Email Infrastructure Overhaul
This week I’m tackling one of the bigger architectural challenges: email infrastructure. The naive implementation from earlier this year - one Supabase Edge Function invocation per email - won’t scale. Edge Functions aren’t truly serverless when it comes to billing; you pay for setup and teardown time on every invocation.
I’m implementing an outbox pattern with cron-based draining and webhook integration for event tracking. This touches the database schema, Edge Functions, and external service integration. Once complete, the MVP is essentially done.
What does it mean in English?
Instead of sending emails immediately when triggered, the app now queues them in an “outbox” table. A background job checks this outbox periodically and sends all pending emails in batches. This dramatically reduces costs and adds reliability through proper event tracking from the email service.
Nerdy Details
The current email architecture has fundamental scaling problems that need addressing before production deployment. Let me walk through the complete redesign, implementation details, and architectural decisions.
The Problem with Naive Edge Functions
Edge Functions are marketed as “serverless” - you only pay for what you use. But this is misleading. Every Edge Function invocation includes:
- Cold start time (100-500ms for Deno runtime initialization)
- Network handshake (50-200ms for TLS negotiation)
- Function execution (your actual code)
- Cleanup and teardown (50-100ms)
For a simple email send that might take 200ms of actual execution, you’re paying for 400-800ms of overhead. At scale, this becomes expensive:
// Current naive implementation
async function sendNotificationEmail(guestId: string, message: string) {
// This triggers a new Edge Function invocation
const { data, error } = await supabase.functions.invoke('send-email', {
body: {
to: getGuestEmail(guestId),
subject: 'Your table is ready!',
html: message
}
});
// Total time billed: ~600ms
// Actual work time: ~200ms
// Overhead: 66%
}
At 1000 emails per day, you’re paying for 400 seconds of overhead. At 100,000 emails per day, that’s 11 hours of wasted compute time.

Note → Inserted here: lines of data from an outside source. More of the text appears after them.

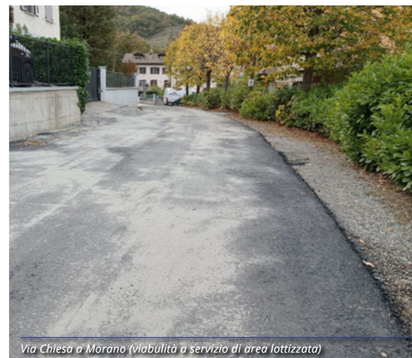
Via Chiesa a Morano (viabilità a servizio di area lottizzata)
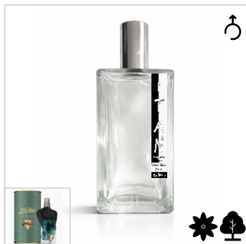
Inspirado en Jean Paul Gaultier Le Beau
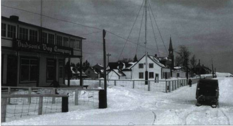
Betsiamites, à environ 50 kilomètres en amont de Baie-Comeau, en janvier 1945. À gauche, un comptoir de la Compagnie de la Baie d'Hudson, établie dans le village en 1855.
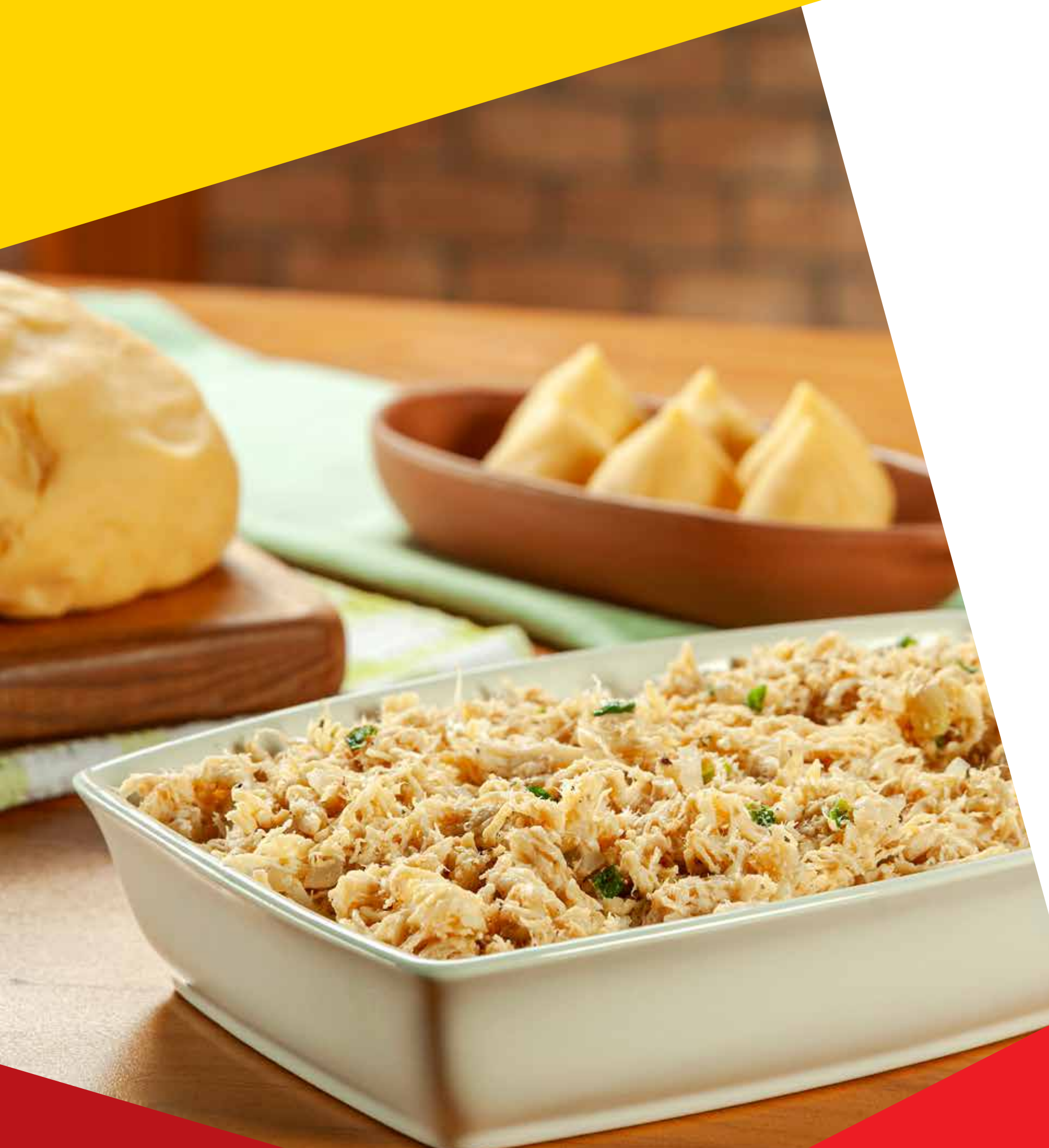
TABELA DE REFERÊNCIA
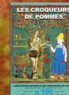
Le bulletin national

La Vaucharde : pomme vosgienne Utilisation : couteau, jus Consommation : déc. à mars
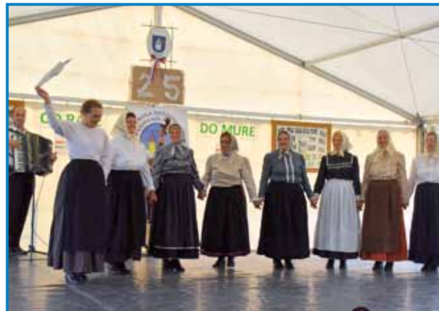
Folklorna skupina upokojenk ZSM je edina porabska folklor, v šteroj samo ženske plešejo

Na jubileji so gorstaupile eške tri gostujoče skupine. Člani goričanske bande » Što ma čas « so zaigrali tri pesmi, med šterimi

The Outbox Pattern Architecture
The outbox pattern decouples message production from message sending. Here’s the complete implementation:
-- Email outbox table schema
CREATE TABLE email_outbox (
id UUID PRIMARY KEY DEFAULT gen_random_uuid(),
created_at TIMESTAMPTZ DEFAULT NOW(),
scheduled_for TIMESTAMPTZ DEFAULT NOW(),
priority INTEGER DEFAULT 5, -- 1 = highest, 10 = lowest
attempts INTEGER DEFAULT 0,
max_attempts INTEGER DEFAULT 3,
last_attempt_at TIMESTAMPTZ,
status TEXT DEFAULT 'pending', -- pending, sending, sent, failed
-- Email content
to_email TEXT NOT NULL,
cc_emails TEXT[],
bcc_emails TEXT[],
subject TEXT NOT NULL,
html_body TEXT,
text_body TEXT,
-- Metadata
correlation_id UUID, -- Links to original business event
tenant_id UUID NOT NULL,
email_type TEXT NOT NULL, -- notification, marketing, transactional
-- Resend specific
resend_id TEXT, -- ID returned by Resend API
resend_status TEXT, -- delivered, bounced, complained, etc.
-- Error tracking
error_message TEXT,
error_details JSONB,
-- Indexes for performance
INDEX idx_outbox_status_scheduled (status, scheduled_for),
INDEX idx_outbox_priority_status (priority, status, scheduled_for),
INDEX idx_outbox_correlation (correlation_id),
INDEX idx_outbox_resend_id (resend_id)
);
-- Separate high-priority outbox for urgent notifications
CREATE TABLE email_outbox_priority (
-- Same schema as above
-- Separate table allows different cron intervals
) INHERITS (email_outbox);
The Drainer Implementation
The drainer is a cron-triggered Edge Function that processes the outbox:
// Edge Function: drain-email-outbox.ts
import { createClient } from '@supabase/supabase-js';
import { Resend } from 'resend';
const BATCH_SIZE = 50; // Process up to 50 emails per invocation
const LOCK_TIMEOUT_MS = 30000; // 30 second timeout for processing
interface EmailOutboxRow {
id: string;
to_email: string;
cc_emails?: string[];
bcc_emails?: string[];
subject: string;
html_body?: string;
text_body?: string;
attempts: number;
max_attempts: number;
priority: number;
email_type: string;
correlation_id?: string;
tenant_id: string;
}
export default async function drainOutbox(req: Request) {
const supabase = createClient(
Deno.env.get('SUPABASE_URL')!,
Deno.env.get('SUPABASE_SERVICE_KEY')!
);
const resend = new Resend(Deno.env.get('RESEND_API_KEY')!);
// Use advisory locks to prevent concurrent processing
const lockResult = await supabase.rpc('pg_try_advisory_lock', {
key: 123456 // Arbitrary lock ID for email drainer
});
if (!lockResult.data) {
return new Response(
JSON.stringify({ message: 'Another drainer is running' }),
{ status: 200 }
);
}
try {
// Fetch pending emails with row-level locking
const { data: emails, error: fetchError } = await supabase
.from('email_outbox')
.select('*')
.in('status', ['pending', 'failed'])
.lte('scheduled_for', new Date().toISOString())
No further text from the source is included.